Like the G_α subunits in trimeric G proteins discussed in Chapter 15, monomeric Ras proteins are “switch” proteins that alternate between an active “on” state with a bound GTP and an inactive “off” state with a bound GDP (see Figures 15-4 and 15-5 to review this concept). Unlike trimeric G proteins, Ras is not directly linked to cell-surface receptors. Like that of trimeric G proteins, Ras activity is regulated by several other proteins. Ras activation is accelerated by a guanine nucleotide exchange factor (GEF), which binds to the Ras·GDP complex, causing dissociation of the bound GDP (see Figure 15-4). As with other G proteins, GTP binds spontaneously to “empty” Ras molecules, forming the active Ras·GTP.
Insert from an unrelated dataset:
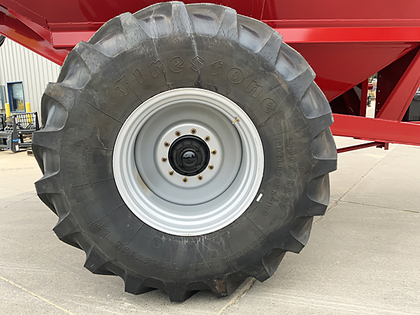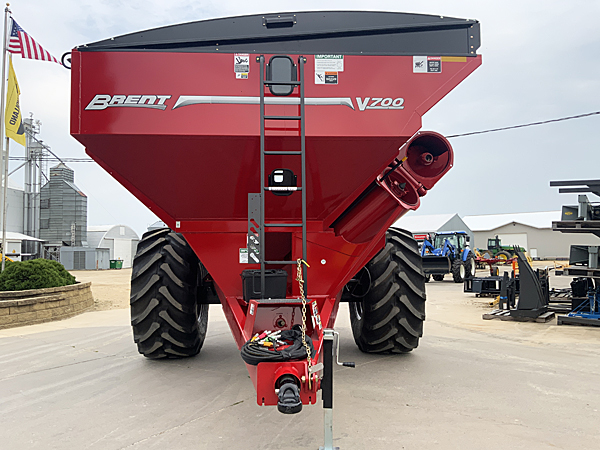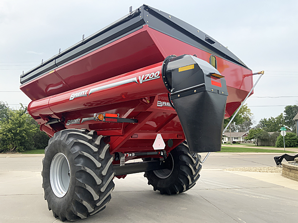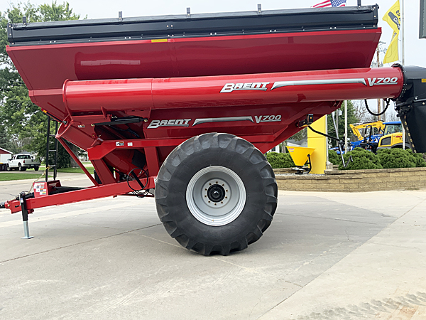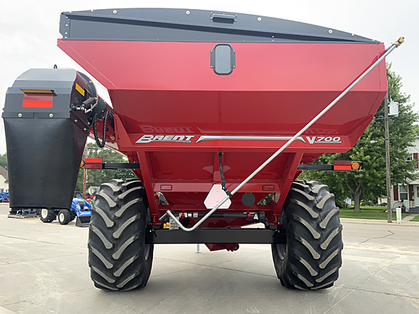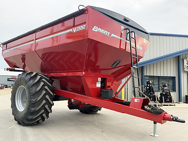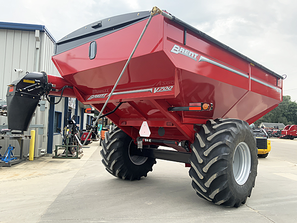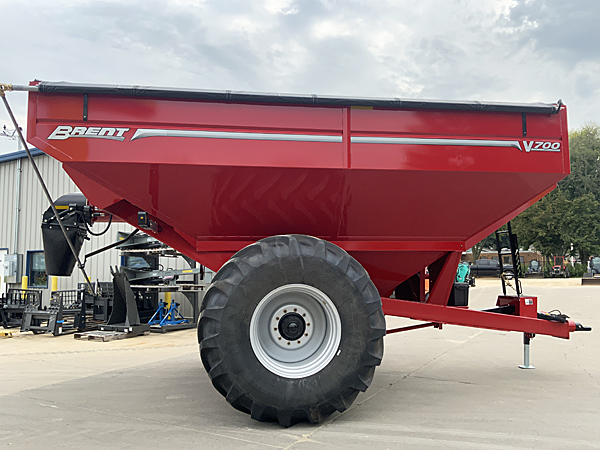 Description: 2024 Brent V700 750+ bushel corner auger grain cart, 18" diameter auger, 1⅜" 21-spline shear bolt clutch, four-way downspout, single tang hitch bar, safety transport chain, LED transport light kit, 800/65X32 R-1W (172A8L1) Firestone tractor lug tires, factory installed Weather Guard roll tarp, 124" rigid axle. 09/20/2025

Ras (~170 amino acids) is smaller than G_α proteins (~300 amino acids), but the GTP-binding domains of the two protein types have a similar structure (see Figure 15-5 to review the structure of Ras). Hydrolysis of the bound GTP to GDP deactivates Ras. Structural and biochemical studies show that G_α proteins contain a GTPase-activating protein (GAP) domain that increases the intrinsic rate of GTP hydrolysis. Because this domain is not present in Ras, that protein has an intrinsically slower rate of GTP hydrolysis. Thus the average lifetime of a GTP bound to Ras is about 1 minute, which is much longer than the average lifetime of a G_α·GTP complex. Because the intrinsic GTPase activity of Ras·GTP is low compared with that of G_α·GTP, Ras·GTP requires the assistance of another protein, a GTPase-activating protein (GAP), to deactivate it. Binding of a GAP to Ras·GTP accelerates the intrinsic GTPase activity of Ras by more than a hundredfold; the actual hydrolysis of GTP to GDP and P_i is catalyzed by amino acids from both Ras and GAP. In particular, insertion of one of GAP’s arginine side chains into the Ras active site stabilizes an intermediate in the hydrolysis reaction.

The first indication that Ras functions downstream from RTKs in a common signaling pathway came from experiments in which cultured fibroblast cells were induced to proliferate by treatment with a mixture of two protein hormones that activate RTKs: PDGF and EGF. Microinjection of anti-Ras antibodies into these cells blocked cell proliferation. Conversely, injection of Ras^D, a constitutively active mutant Ras protein that hydrolyzes GTP very inefficiently and thus persists in the active state, caused the cells to proliferate in the absence of the growth factors. These findings are consistent with studies, using the pull-down assay method detailed in Figure 15-11, in which addition of FGF to fibroblasts led to a rapid increase in the proportion of Ras present in the GTP-bound active form. However, as we will see, an activated RTK (or cytokine receptor) cannot directly activate Ras. Instead, other proteins must first be recruited to the activated receptor, where they serve as adapters.